Video Coding Basic Concepts

Video compression is the process of compacting data into a smaller number of bits. Video compression (video coding) is the process of converting digital video into a format suitable for transmission or storage. Raw or uncompressed digital video requires a large bitrate, while compressed video typically requires less bitrate.

Compression involves a compressor (encoder) and a decompressor (decoder). Encoder converts the source data into a compressed form occupying a reduced number of bits, prior to transmission or storage. Decoder converts the compressed form back into a representation of the original video data.

Data compression is achieved by removing redundancy (components that are not necessary for faithful reproduction of the data).
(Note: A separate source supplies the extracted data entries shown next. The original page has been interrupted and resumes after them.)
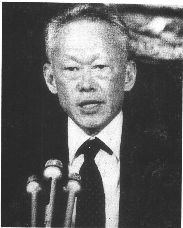
李光耀是一个 善于雄辩的政治家。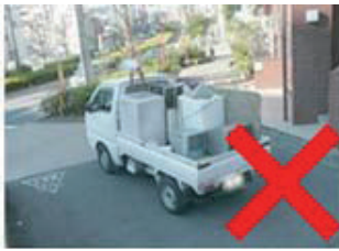
トラック型不用品回収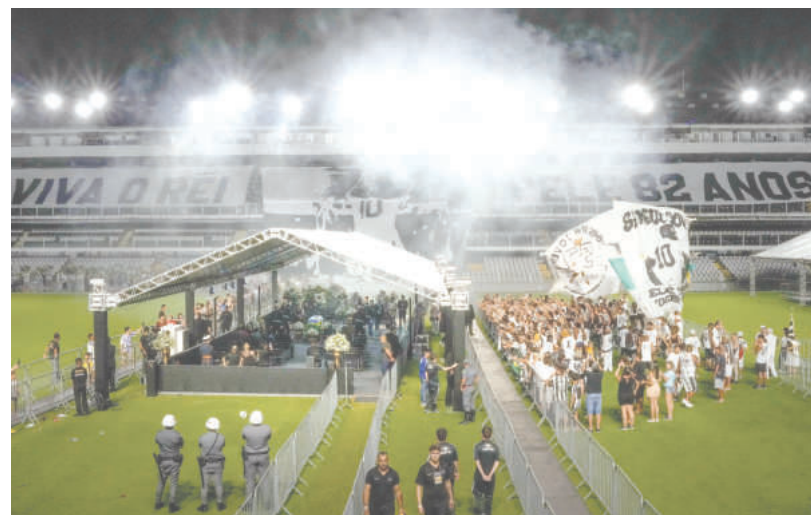
Над 150 000 души, включително президентът на Бразилия Луис Инасио Лула да Силва, изпратиха легендата Пеле

"Бях при него на 21 декември. Беше спокоен, поговорихме си малко, но вече разбрах, че усеща, знае, че ще си тръгне. Той беше много верен, каза: "Всичко е в ръцете на Господ". И аз му казах: "Вярно е, той знае кога е дошло времето", обяви Мария Лусия.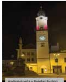
Hodrová veža v Banskej Bystrici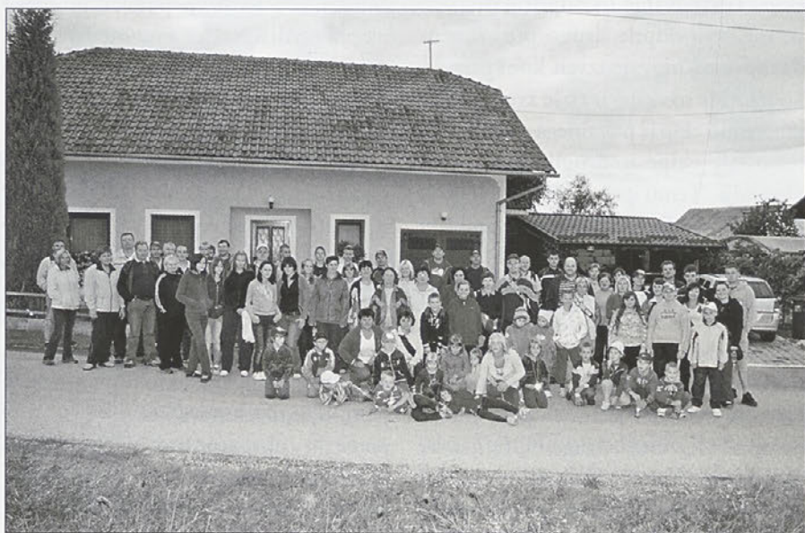
Pohodnikov je bilo okrog 90.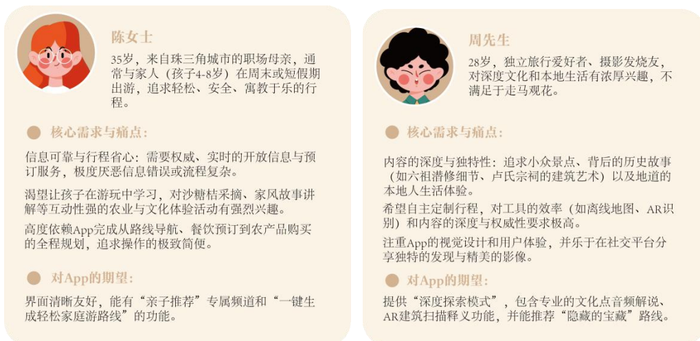
图 3 用户画像 (制作邹烨婷)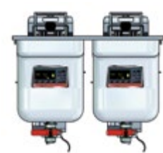
Vision Einbau 622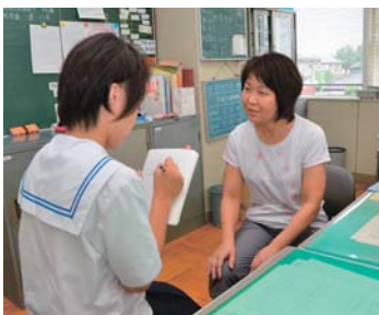
メモをしっかりとります

■ 職場体験 私は9月10日から12日までの3日間、大泉町役場の広報情報課で職場体験を行いました。私は、この3日間で仕事の大変さ、楽しさ、やりがいを感じました。 ■ 生徒にインタビュー 私は、町立西小学校に行き、そこで職場体験学習をしている3人の生徒にインタビューをしました。 問 「この職業を選んだ理由は？」 答 「昔から人に物事を教えることが、好きだからです。」「ある先生に憧れていたからです。」「人に何かを教えたいと思ったからです」 問 「この職場体験で感じたことは？」 答 「クラスをまとめたりするのは大変だなと思いました。」「大変さと、子ども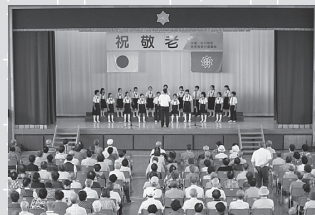
松川小学校 合唱部の皆さん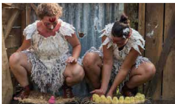
Poulette Crevette 2016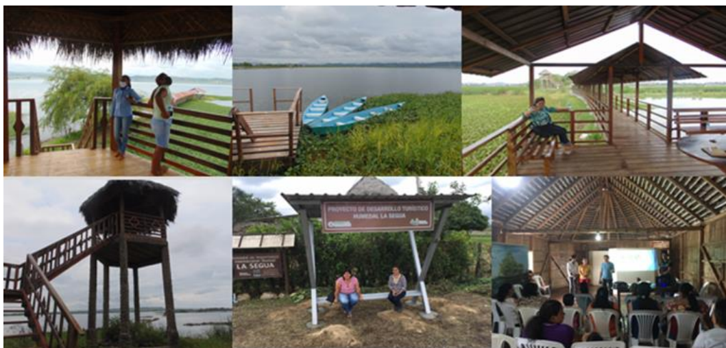
Imagen 2. Facilidades turísticas humedal La Segua

A continuación, se presenta un mosaico de imágenes evidenciando el uso del suelo y sus facilidades turísticas.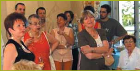
Le Faut du Loup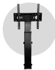
Colonne motorisée ST11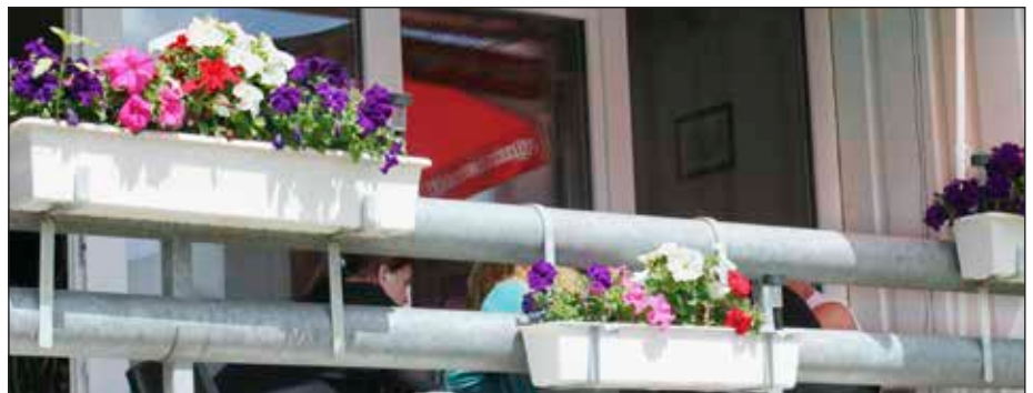
Der kan være meget smukt i Højvangen, her er det blomsterkasser der forskanner altanerne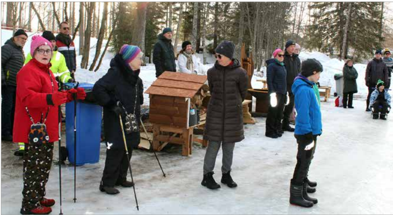
Lumi- ja jäätaideteosten avajaisiin saapui runsaasti yleisöä.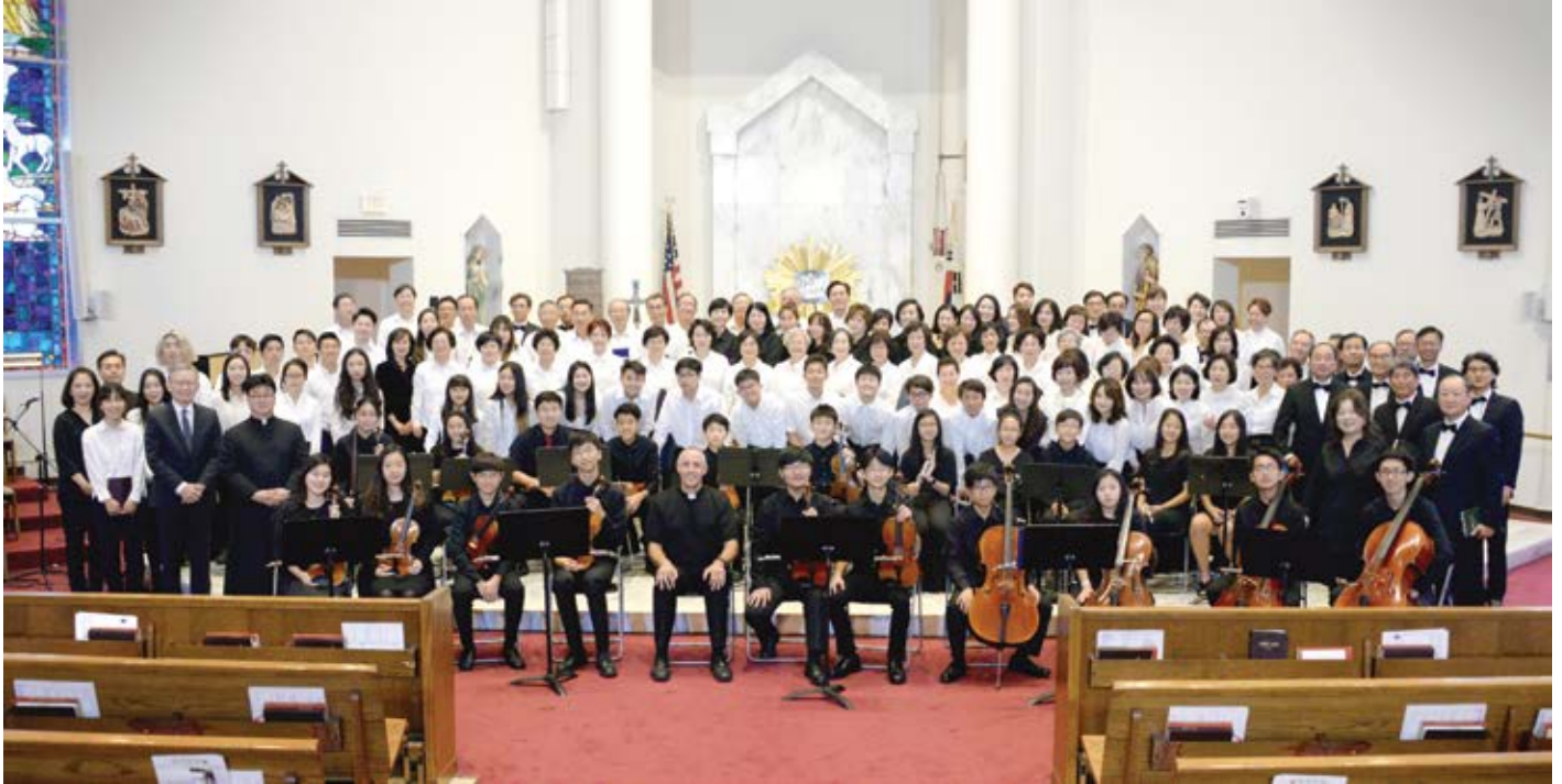
본당 승격 23주년 기념 <사랑 나눔 음악회>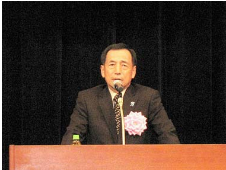
ジョークにもますます磨きが増かった田母神閣下の講演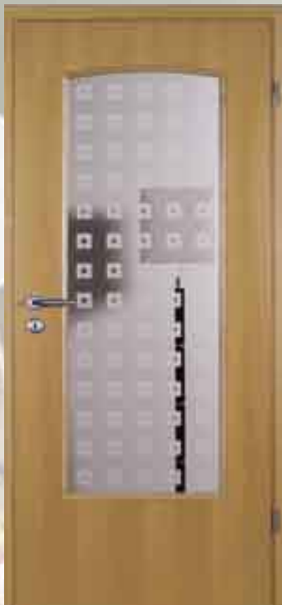
Glasrahmen • Modell: „Soltau“ Buche natur • Stilprofil Verglasung: Klarglas mit Sandstrahlmotiv Drücker: R11B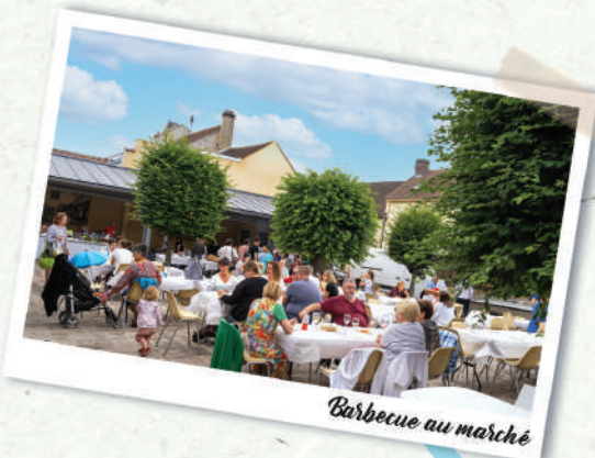
Barbecue au marché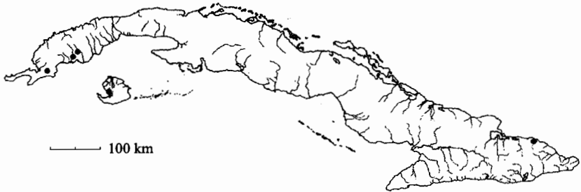
Mapa 1. Drosera intermedia Hayne

Ejemplares examinados: Cuba Occ.: Clemente, Nestor, Chrysogone 6164 (HAC), Ekman 11234 (S), León & Killip. 9489 (HAC), P.F.C. 48519 (HAJB), 51012, 51014 (HAJB, JE), Wright 1899 (HAC, S), Misión Rusa 39, 40 (HAC). Cuba Or.: Acuña 12427, Bucher 11052, 11404 (HAC).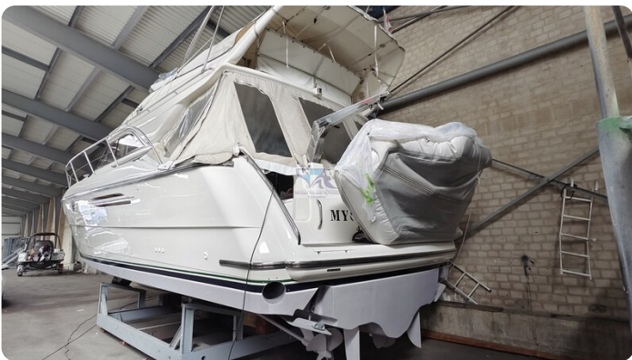
Princess 420 ARNO 35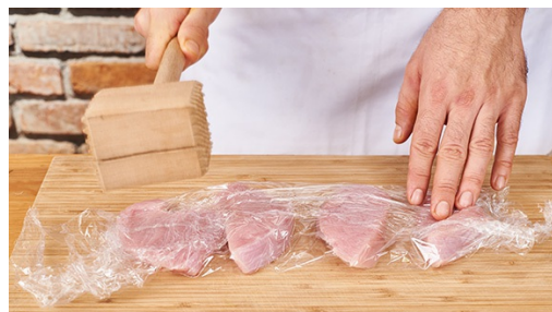
4. Schnitzel vorbereiten

Eine große Pfanne mit 2EL Öl mittelhoch erhitzen, Zwiebeln und Knoblauch ca. 1-2Min. glasig anschwitzen. 2TL Mehl darüber stäuben, kurz weiter rösten. Nun Kürbis-Karotten Mischung mit in die Pfanne geben. Mit Paprikapulver , Salz und Pfeffer abschmecken, dann 100ml Wasser dazugeben und alles unter regelmäßigem Rühren ca. 10-12Min. weich kochen.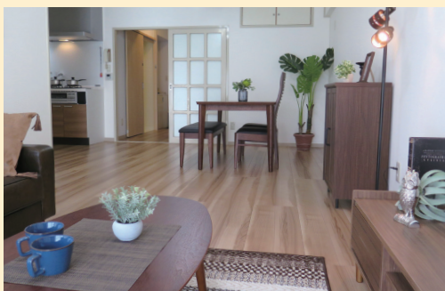
2LDK「Jタイプ」(モデルルーム) LDKの脇には和室あり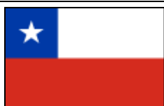
Chili - Chile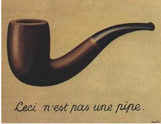
Bu Bir Pipo Değildir. (1928-1929) 63.5 cm × 93.98 cm. Tual üstüne yağlıboya. ( https://www.deviantart.com/sayla59/art/this-is-not-a-pipe-485754529 Erişim Tarihi: 06.04.2022)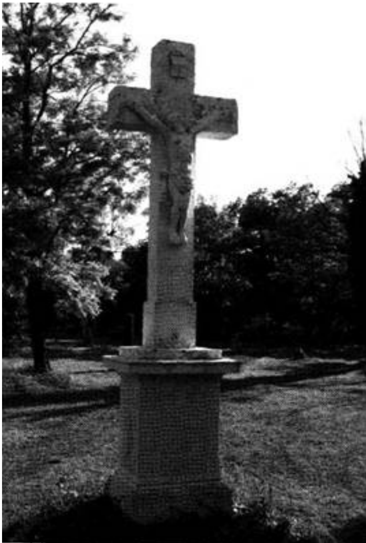
A kereszt a régi Dioskerti templom (a CBA arunáz mellett).

2014. október 27. hétfő, 13:12 - Módosítás: 2016. április 16. szombat, 14:37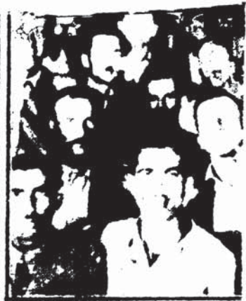
ΟΙ ΑΡΤΕΡΓΑΤΑΙ ΤΟΥ ΠΕΙΡΑΙ... Ο κ. Γεωργίου...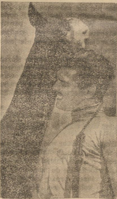
...i dlatego jego ulubiony koń, „Sunny”, ciągnie go za czuprynę.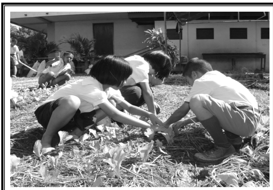
นักเรียนฝึกการปลูกผักโดยใช้ต้นกล้า ที่ถอนมาจากแปลงผักของครูสวนผัก ที่แปลงสาธิตงานเกษตรในโรงเรียนครุณวิทยา (เทศบาลบ้านสวนตาล)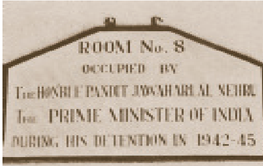
अहमदनगर किले का वह कक्ष जहाँ 1942-45 में जवाहरलाल नेहरू को रखा गया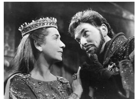
1965 LA GUERRE DES ROSES (War of the Roses) de Peter Hall & Michael Hayes avec William Squire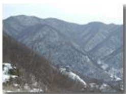
Ruderi del castello Fieschi e Costa Suià nella neve

Pietro Marcheselli - Olympus Camedia 3000 2005 - Inverno - Savignone - Panorami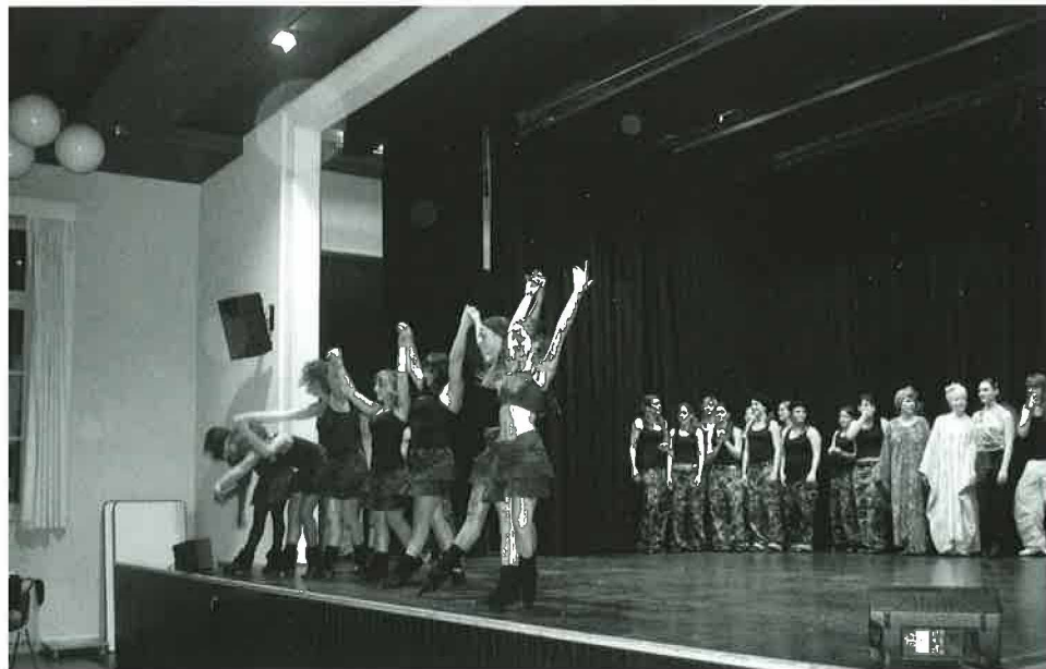
Démonstration de danse (Power Dance) lors de l'accueil des nouveaux habitants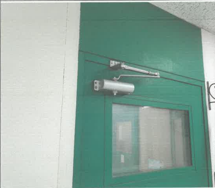
3층 피아노실 출입 문 도어클로저 교체 설치 작업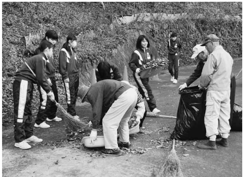
3年生は登沢の通学路を清掃

金島中学校の「クリーン作戦2010」が11月25日に開催されました。生徒は、通学に使う道路や見守ってくれる地域の人に感謝の気持ちを込めて、学年ごとに3カ所に分かれ、地元老人会などの約110人と清掃活動を実施。竹ぼうきを手手に大量の落ち葉やごみを集め終わると「気持ちがすっきりした」と充実した様子でした。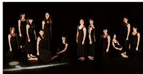
ダンス・インキュベーション・フィールド岡山

多くの人々が行き交うオープンスペースで、県内外のアーティストによる野外ダンスパフォーマンスを中心に、誰もが気軽に文化芸術に触れられるイベントを開催します。ぜひお越しください。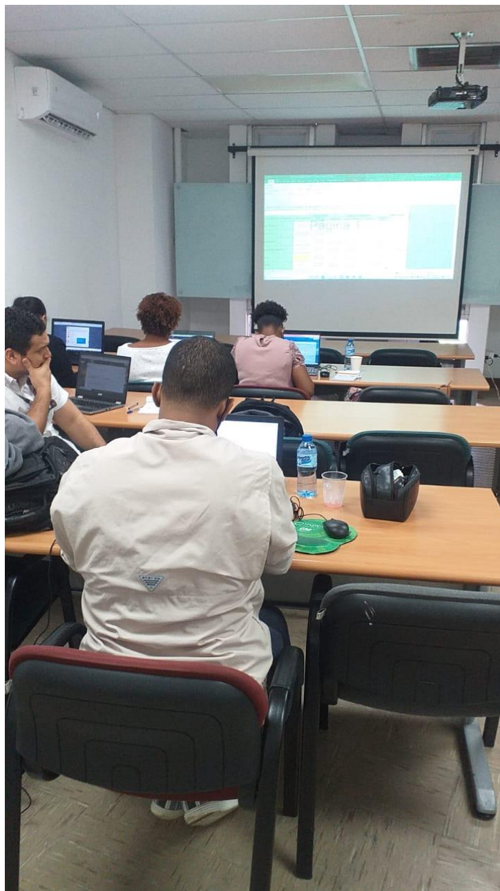
Ilustración 3. Asistencia técnica empresa Certificadora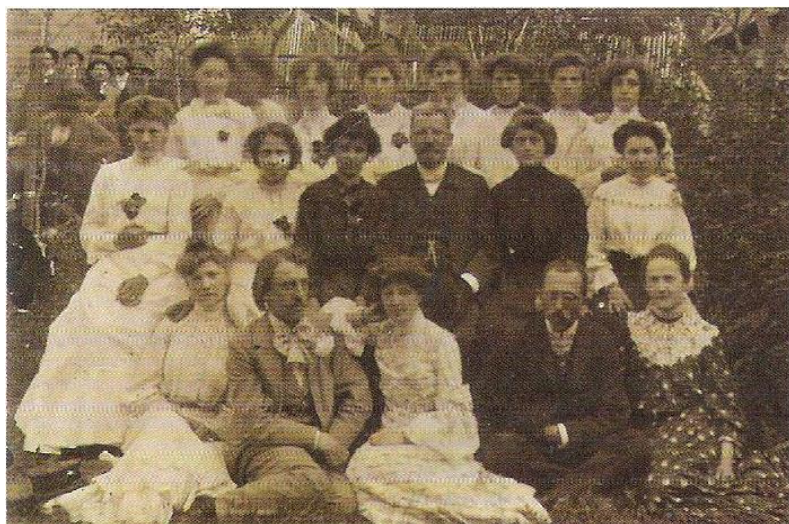
Ženský pěvecký sbor 1904 – 1908.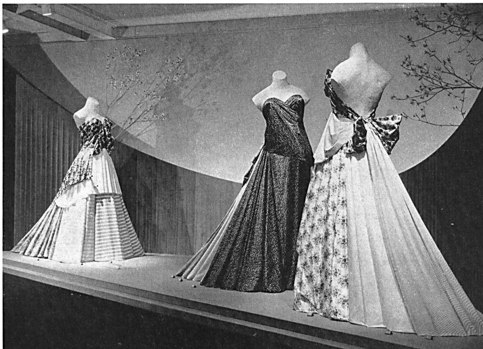
Exposition de l'industrie suisse du coton : tissus tissés en couleurs et imprimés. Display of the Swiss cotton industry : colour woven and printed fabrics. Exposición de la industria algodonera suiza : tejidos en colores y estampados. Ausstellung der Schweiz. Baumwollindustrie : Buntgewebe und Druckstoffe.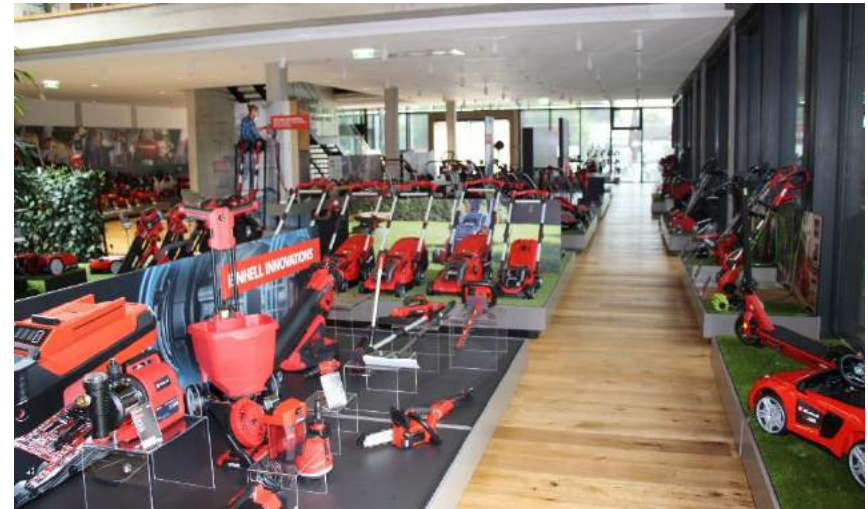
Une sélection de produits Einhell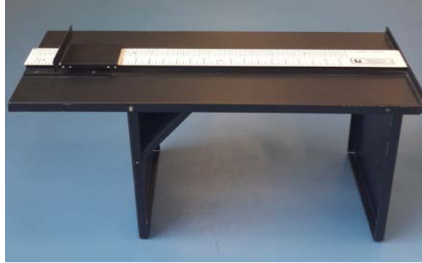
Şekil 4. Esneklik Testi Ölçüm Aracı

Esneklik: Hakemlerin gövde ve alt ekstremitte esnekliği otur-eriş sehpası (Lafayette Instrument Company, 01285A) ( Şekil 4 ) ile ölçülmüştür.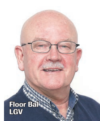
Floor Bal LGV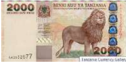
Fotoğraf 1. Önde Savan Sahasında Bir Afrika Aslanı, Arkada Kilimanjaro Dağı Zirvesi (2000 Tanzania Şilini)

Komor ve Madagaskar ada ülkelerinin banknotlarında plajlara (Fotoğraf 7) yer verilmiştir.

There are two types of compression

In lossless compression, reconstructed data at the output of the decoder is a perfect copy of the original data.
In a lossy compression system, the decompressed data is not identical to the source data and much higher compression ratios can be achieved at the expense of a loss of visual quality.

Lossy video compression systems are based on the principle of removing subjective redundancy. It removes elements of the image or video sequence that can be removed without significantly affecting the viewer’s perception of visual quality.

This article discuss about basic building blocks(concepts) required for Video Coding.

Video Encoding

A video encoder consists of three main functional units:

Prediction model
Spatial model
Entropy encoder

Prediction model

The input to the prediction model is an uncompressed(raw) video sequence. The prediction model attempts to reduce redundancy by exploiting the similarities between neighbouring video frames and/or neighbouring image samples, by constructing a prediction of the current video frame or block of video data. A prediction is formed from data in the current frame or in one or more previous and/or future frames:

Intra prediction, created by spatial extrapolation from neighbouring image samples.
Inter or motion compensated prediction by compensating for differences between the frames.

The output of the prediction model is a residual frame, created by subtracting the prediction from the actual current frame, and a set of model parameters indicating the intra prediction type or describing how the motion was compensated.

Spatial model

The residual frame forms the input to the spatial model which makes use of similarities between local samples in the residual frame to reduce spatial redundancy. In H.264/AVC this is carried out by applying a transform to the residual samples and quantizing the results. The transform converts the samples into another domain in which they are represented by transform coefficients. The coefficients are quantized to remove insignificant values, leaving a small number of significant coefficients that provide a more compact representation of the residual frame. The output of the spatial model is a set of quantized transform coefficients.

Entropy encoder

The parameters of the prediction model, i.e. intra prediction mode(s) or inter prediction mode(s) and motion vectors, and the spatial model, i.e. coefficients, are compressed by the entropy encoder. This removes statistical redundancy in the data, for example representing commonly occurring vectors and coefficients by short binary codes.

The video decoder reconstructs a video frame from the compressed bit stream. The coefficients and prediction parameters are decoded by an entropy decoder. After that spatial model is decoded to reconstruct a version of the residual frame. Decoder then uses the prediction parameters, together with previously decoded image pixels, to create a prediction of the current frame. Final frame is reconstructed by adding the residual frame to this prediction.